## Task instructions
Line by line, set down the records below from the first line through the line containing "Από την εξέδρα στο Φράγμα της Θέρμης.". Omit the pictures.

## Data entries
+ + + + + + +
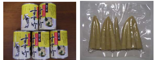
<ネマガリタケ缶詰(現商品)とレトルト試作品>

八尾産のネマガリタケは、味、香り、食感等に優れ、また、新製法のレトルト加工することにより、長期間保存可能な食材となる。現在国内で消費されるネマガリタケの約9割は中国からの輸入品であり、安心な国産のニーズが高まっている。また、9割近くが耕作放棄地となっている八尾の中山間地における農業活性化にもつながる。
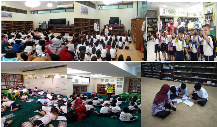
Gambar 5. Aktifitas di Kid's Corner

pengertian. Pemutaran video juga lebih mengekalkan pengetahuan yang diperoleh serta mendorong rasa ingin tahu yang lebih besar.
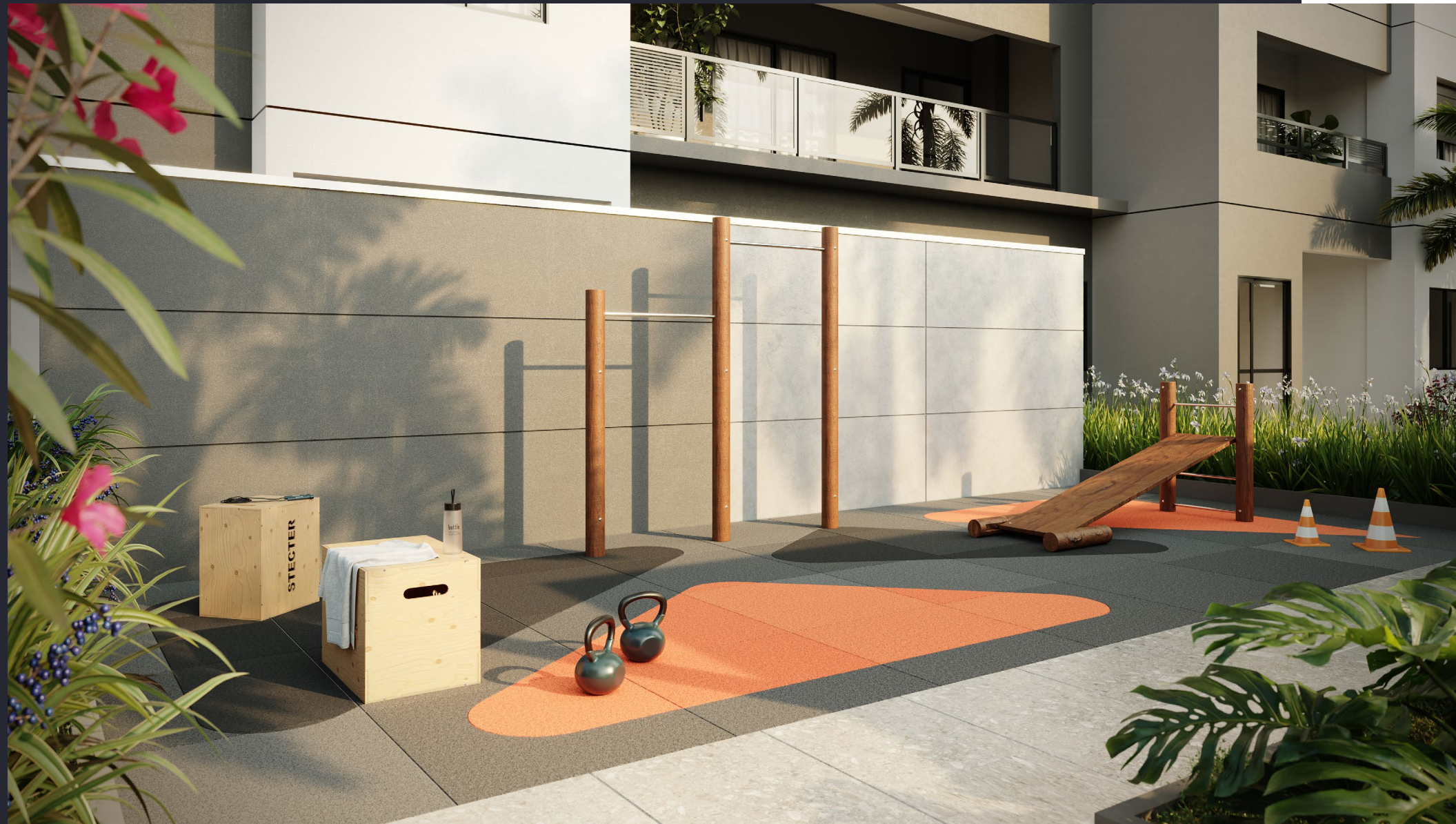
PERSPECTIVA ARTÍSTICA DA ÁREA FITNESS EXTERNO

Bem-estar e saúde ao seu alcance a qualquer momento. Duas opções de área fitness: indoor e ao ar livre.
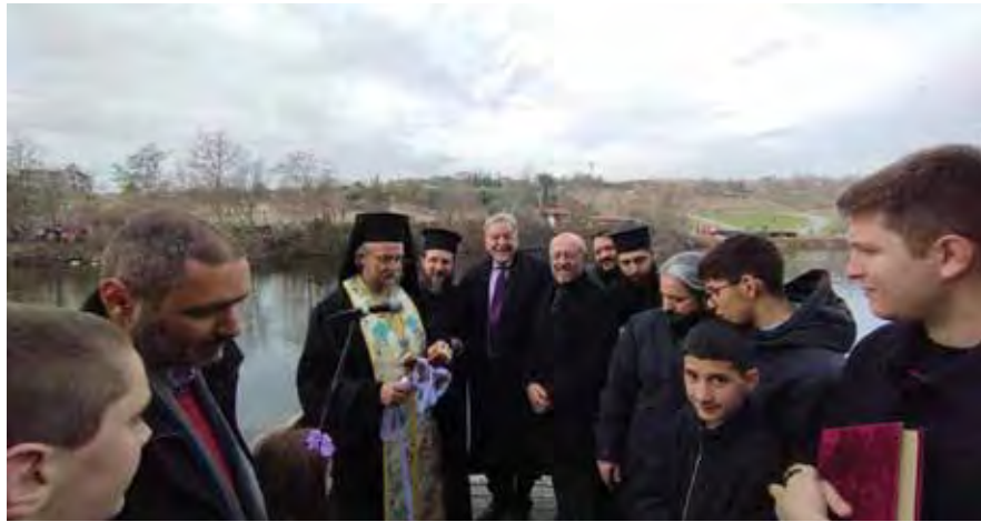
Από την εξέδρα στο Φράγμα της Θέρμης.

Μ ε τη δέουσα κατάνυξη και λαμπρότητα εορτάστηκαν τα Θεοφάνεια στο δήμο Θέρμης. Νωρίς το πρωί του Σαββάτου 6 Ιανουαρίου τελέσθηκε Πανηγυρική Θεία Λειτουργία στον Ιερό Ναό Αγίου Νικολάου Θέρμης και ακολούθησε ο «Μέγας Αγιασμός» των Θεοφανείων, παρουσία του δημάρχου Θέρμης Θεόδωρου Παπαδόπουλου και εκατοντάδων πιστών. Η τελετή του Αγιασμού των υδάτων στη λίμνη, στο Φράγμα της Θέρμης, έγινε λίγο μετά τις 12 το μεσημέρι, με την πολύτιμη συνδρομή και φέτος των Εθελοντών Πολιτικής Προστασίας Θέρμης. Ο δήμαρχος Θέρμης στο μήνυμά του τόνισε πως «τα Άγια Θεοφάνεια είναι μια από τις λαμπρότερες γιορτές της Ορθοδοξίας και αποτελεί την αφετηρία μιας προσπάθειας όλων μας, να εργαστούμε για ένα καλύτερο μέλλον. Είναι η ημέρα που συμβολίζει την κάθαρση και την πνευματική αναγέννηση και δίνει σε όλο τον κόσμο την ελπίδα και τη δύναμη να προχωρήσουμε με σταθερά βήματα στην προσπάθεια ανάπτυξης και εξέλιξης του τόπου μας έχοντας παράλληλα ως 'πυξίδα' την ειρήνη, την αγάπη και την αλληλεγγύη για τον διπλανό μας. Ας φωτίσουμε την καθημερινότητά μας με αισιοδοξία, ελπίδα και σιγουριά για το αύριο του τόπου και των παιδιών μας. Χρόνια πολλά σε όλους και του χρόνου με υγεία». Στον Αγιασμό των υδάτων στο Φράγμα Θέρμης παραβρέθηκε και ο υφυπουργός Υγείας Δημήτρης Βαρτζόπουλος.
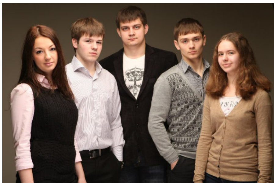
Команда 2-го курса

Жюри улыбается, жюри довольное, гости не разбегаются, слышен дружный смех, разговоры становятся громче, фотограф доходит до галёрки, но сразу уходит, называют места и вручают дипломы: I место – 3 курс (уер-уер!), II место – 4 курс, III место – 2 курс. Я, наверное, впервые в своей жизни согласен с судьями. От всей души поздравляю ребят, именно после таких мероприятий говорят: «важна не победа, важно участие». The European DisUnion – это море позитива и эмоций!
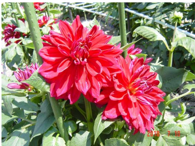
町田ダリア園にて、品種名称は“熱意”
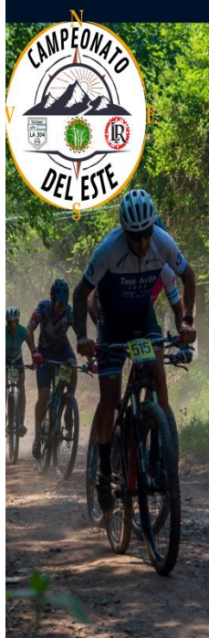
TABLA DE PUNTOS

De esta forma se puntuará a los competidores de cada categoría reconociendo con un 1 punto a los participantes que lleguen a largar la carrera.
+ + + + + + +
## Solution for this problem
<ネマガリタケ缶詰(現商品)とレトルト試作品>

八尾産のネマガリタケは、味、香り、食感等に優れ、また、新製法のレトルト加工することにより、長期間保存可能な食材となる。現在国内で消費されるネマガリタケの約9割は中国からの輸入品であり、安心な国産のニーズが高まっている。また、9割近くが耕作放棄地となっている八尾の中山間地における農業活性化にもつながる。
Gambar 5. Aktifitas di Kid's Corner

pengertian. Pemutaran video juga lebih mengekalkan pengetahuan yang diperoleh serta mendorong rasa ingin tahu yang lebih besar.
PERSPECTIVA ARTÍSTICA DA ÁREA FITNESS EXTERNO

Bem-estar e saúde ao seu alcance a qualquer momento. Duas opções de área fitness: indoor e ao ar livre.
Από την εξέδρα στο Φράγμα της Θέρμης.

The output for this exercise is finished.